There Will Be No Such Thing As A “SMARTPHONE” - rampok
http://dailysocial.net/en/2011/08/23/there-will-be-no-such-thing-as-a-smartphone/
So I tried really hard to make a sense of this separation between Smartphone and Feature phones, and I find it to be very shallow.
======
D_Alex
Well... what about this then: <http://www.johnsphones.com/>?

Also, look at the history of wristwatches. In the early 80's new features were
being adopted: digital displays, stopwatches, alarms, calculators... but the
trend reversed, and now a watch that "only shows time" is typical.

I _think_ smartphones will end up taking the lion's share of the mobile phone
market, but there will be plenty of room for simple low end phones. One,
simplicity is not a bad thing. Two, low cost is good too.

BTW, my "uncle" runs a jetski rental business... low cost is his main
criterion when choosing a mobile phone.
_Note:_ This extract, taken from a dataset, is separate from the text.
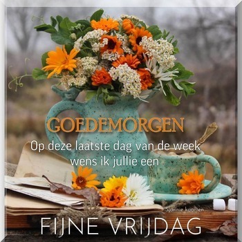We zijn de laatste dag van de werkweek vandaag en er staat ons weer een verlengd Weekend voor de deur! Joepie... ook al zegt de jonge generatie dat wij senioren iedere dag weekend hebben  we kijken er toch ook nog steeds iedere week  naar dat weekend uit!Dat is iets die in ons koppeke is blijven zitten van toen we een druk leven hadden zeker ? Och verdraaid ... dat doordenken over het hoe en waarom zetten we mooi aan de kant en genieten van het nu ... en iedere dag opnieuw nè!Geniet van je dag met ...

He buys a couple of dozen each year...

------
bad_user

        What about feature phones? Guess what, they have 
        exactly the same features as smartphone!
    

I own a Nokia 1100, besides a Galaxy S and an iPhone 3GS -- it's one of the
best phones I ever had and I use it when I'm on the road and I want a reliable
phone that doesn't die on me in the middle of the day.
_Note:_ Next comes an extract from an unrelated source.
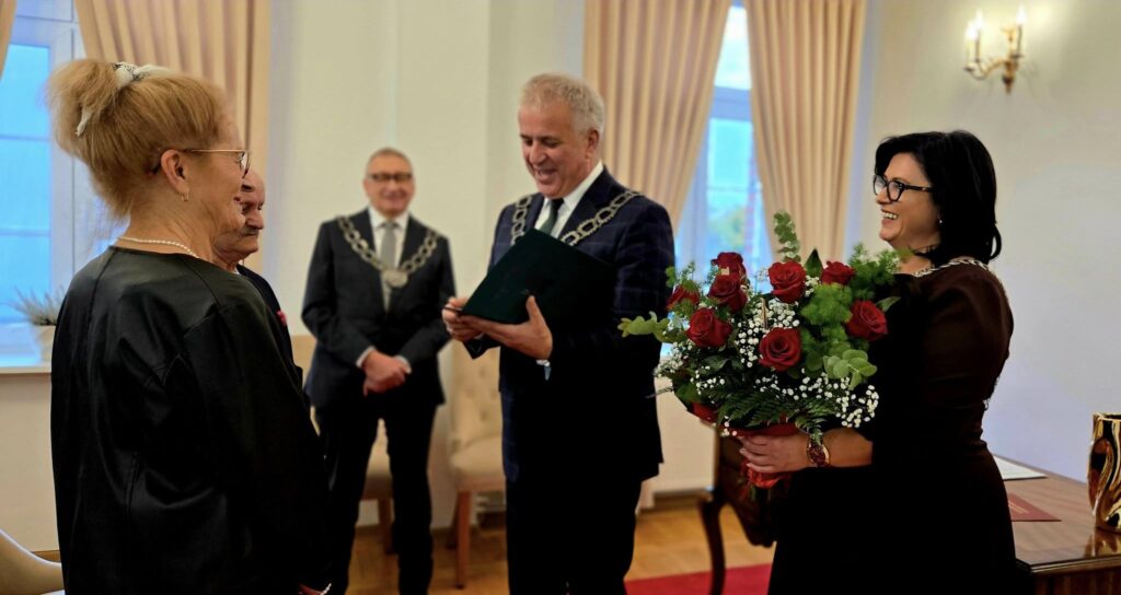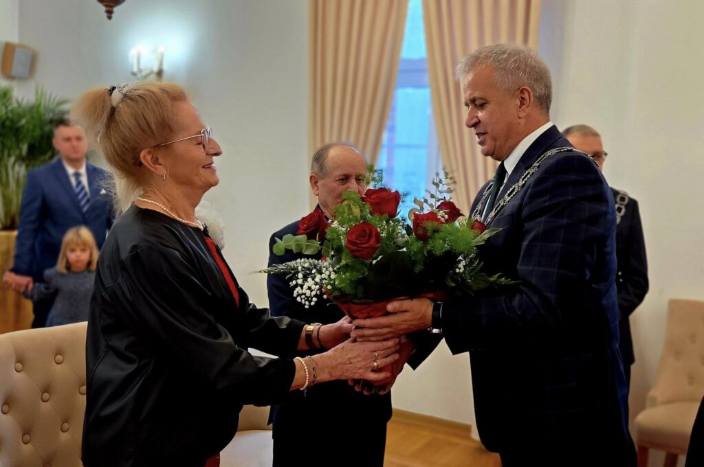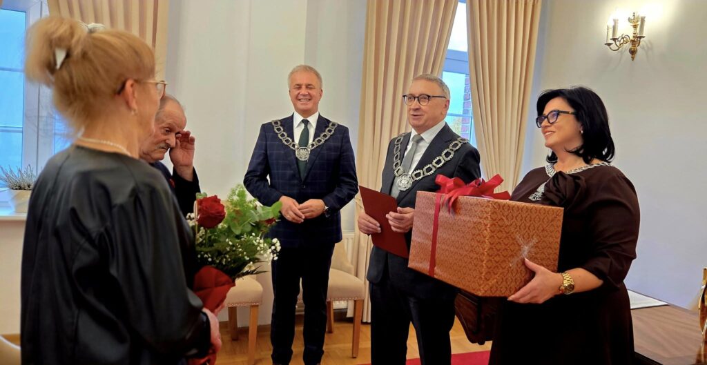 Do grona składających w tym wyjątkowym dniu złotych godów dołączyli obecni na uroczystości burmistrz Robert Zborowski oraz wiceprzewodniczący rady Edward Trejnis, a wydarzenie poprowadziła Renata Trembowelska, kierownik miejscowego USC. My również pragniemy przekazać najserdeczniejsze życzenia, przede wszystkim zdrowia, ale również miłości, pogody ducha, uśmiechu oraz wszelkiej pomyślności w życiu osobistym.

As far as features go, it doesn't even have a color screen. No MMS, no GPS, no
Wifi, no Internet browser, no built-in camera, no MP3 ringtones. It's just a
phone that can also do SMS, and despite being released in a time when phones
came with most of the above crap, Nokia 1100 was one of their most popular
models.

You see, there is value in building these simple phones. And this is the main
difference between a smartphone and a regular phone -- the smartphone is
primarily a computing device that also happens to be able to make phone calls.

And if Apple were to build such a phone, it would be like a Nokia 1100, but
better looking. Because simple is better in case you just want a phone.

Of course, there are feature phones and then there are really crappy feature
phones. Just because a phone can open a web browser, doesn't mean that you can
actually use it to browse the web, and everything before the iPhone was
unusable in that regard.

------
wtracy
The definition that I work with is:

A smartphone has enough horsepower to run a general-purpose operating system
(iOS, Android, webOS, etc.). There is an expectation that apps targeting this
OS will be portable across most or all devices running the targeted OS.
Typically, third-party developers have access to the platform.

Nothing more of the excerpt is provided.